なお、甲第3-2号証については、特許異議申立人が提出した甲第3-1号証の訳文であると認定して判断を行った。

1 証拠方法
甲第1号証:国際公開第2008/126373号
甲第2号証:特開平8-61181号公報
甲第3-1号証:国際公開第2008/071531号
甲第3-2号証:特表2010-513768号公報
甲第4号証:特開平8-128373号公報
甲第5号証:特表2005-534464号公報
甲第6号証:特開2000-262942号公報
甲第7号証:特開2000-167464号公報
甲第8号証:特開平2-102053号公報

2 特許異議申立ての理由

理由1(特許法第29条第1項第3号)
本件特許発明1ないし7は、甲第1号証に記載された発明であるから、請求項1ないし7に係る特許は、特許法第29条第1項第3号に該当し、同法第113条第2号の規定により取り消すべきものである。

理由2(特許法第29条第2項)
本件特許発明1ないし7は、甲第1号証に記載された発明及び甲第2号証ないし甲第7号証に記載された技術に基づいて当業者が容易に発明をすることができたものであるから、請求項1ないし7に係る特許は、特許法第29条第2項の規定に違反してされたものであり、同法第113条第2号の規定により取り消すべきものである。

理由3(特許法第29条第2項)
本件特許発明1ないし7は、甲第1号証に記載された発明及び甲第8号証に記載された技術に基づいて、当業者が容易に発明をすることができたものであるから、請求項1ないし7に係る特許は、特許法第29条第2項の規定に違反してされたものであり、同法第113条第2号の規定により取り消すべきものである。

理由4(特許法第36条第6項第2号)
本件特許発明1ないし3は明確でないから、本件出願は、特許法第36条第6項第2号に規定する要件を満たしておらず、請求項1ないし3に係る特許は、特許法第113条第4号の規定により取り消すべきものである。

第4 当審の判断
1 刊行物の記載
(1)甲第1号証の記載
(1-1)甲第1号証の記載事項
本件出願の優先日前に頒布された刊行物である甲第1号証には、「液剤吐出装置および液剤吐出方法」に関して、図面とともに以下の事項が記載されている。

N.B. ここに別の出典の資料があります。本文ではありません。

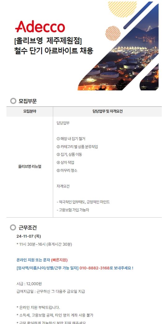 [일4시간/48000원] 올리브영 매장 리뉴얼 1일 알바 채용 페이지 정보 작성자 편OOOOOO체 작성일24-10-25 09:58 조회3,337회 연락처 010-8882-3168 급여 일당 : 48000 관련링크 본문 *여성 TO 마감* 주소 : 제주특별자치도 제주시 신광로 57 제주제원점 올리브영 이전글 다음글 목록

1a 「[0007] 発明者は、押出部材とは別個の部材を十分に加速した状態で押出部材に衝突させることで、短距離で押出部材を高速に加速することを可能とした。
すなわち、第1の発明は、液材を吐出する吐出口を有する液室と、液室より幅狭のプランジャーおよび当接部を有し、プランジャーの先端部が液室内を進退動する押出部材と、押出部材のプランジャーと反対側に隣接して配設され、ピストンおよび当接部と対向する衝突部を有する衝突部材と、押出部材および衝突部材を進退動させる駆動手段とを備える液材吐出装置であって、前記衝突部を前記当接部に衝突させることにより、前記押出部材を高速前進させて液材を吐出することを特徴とする液材吐出装置である。
第2の発明は、第1の発明において、前記衝突部と前記当接部とが衝突するまでの前記衝突部材の移動距離が、前記衝突部と前記当接部が当接してから最前進位置に到達するまでの前記押出部材の移動距離と比べ、長くなるよう構成されることを特徴とする。
第3の発明は、第1または2の発明において、前記駆動手段は、前記衝突部材を前進方向に付勢する弾性体を備えることを特徴とする。
第4の発明は、第1ないし3のいずれかの発明において、前記押出部材の最後退位置を規定する後退位置規定手段を備えることを特徴とする。
第5の発明は、第4の発明において、前記後退位置規定手段は、押出部材の後退方向側の位置を規定する後方ストッパーと、押出部材を後方に付勢する押出部材付勢手段とから構成されることを特徴とする。
第6の発明は、第1ないし5のいずれかの発明において、前記押出部材の最前進位置を規定する前進位置規定手段を有することを特徴とする。
第7の発明は、第6の発明において、前記前進位置規定手段は、前記押出部材の前方側が当接する前進ストッパーにより構成されることを特徴とする。
第8の発明は、第6または7の発明において、前記前進位置規定手段は、前記プランジャーの先端部の進行方向にある前記液室の内壁であることを特徴とする。
第9の発明は、第6ないし8のいずれかの発明において、非吐出時において、前記押出部材が前記衝突部材に押圧され、前記押出部材が最前進位置にあることを特徴とする。
第10の発明は、第8または9の発明において、前記プランジャーの先端部が、前記液室と前記吐出口との連通を遮断するように構成されることを特徴とする。
第11の発明は、第1ないし10のいずれかの発明において、前記駆動手段は、エア供給装置および電磁切換弁を備え、前記押出部材は、エアにより後退方向に付勢されることを特徴とする。」(段落[0007])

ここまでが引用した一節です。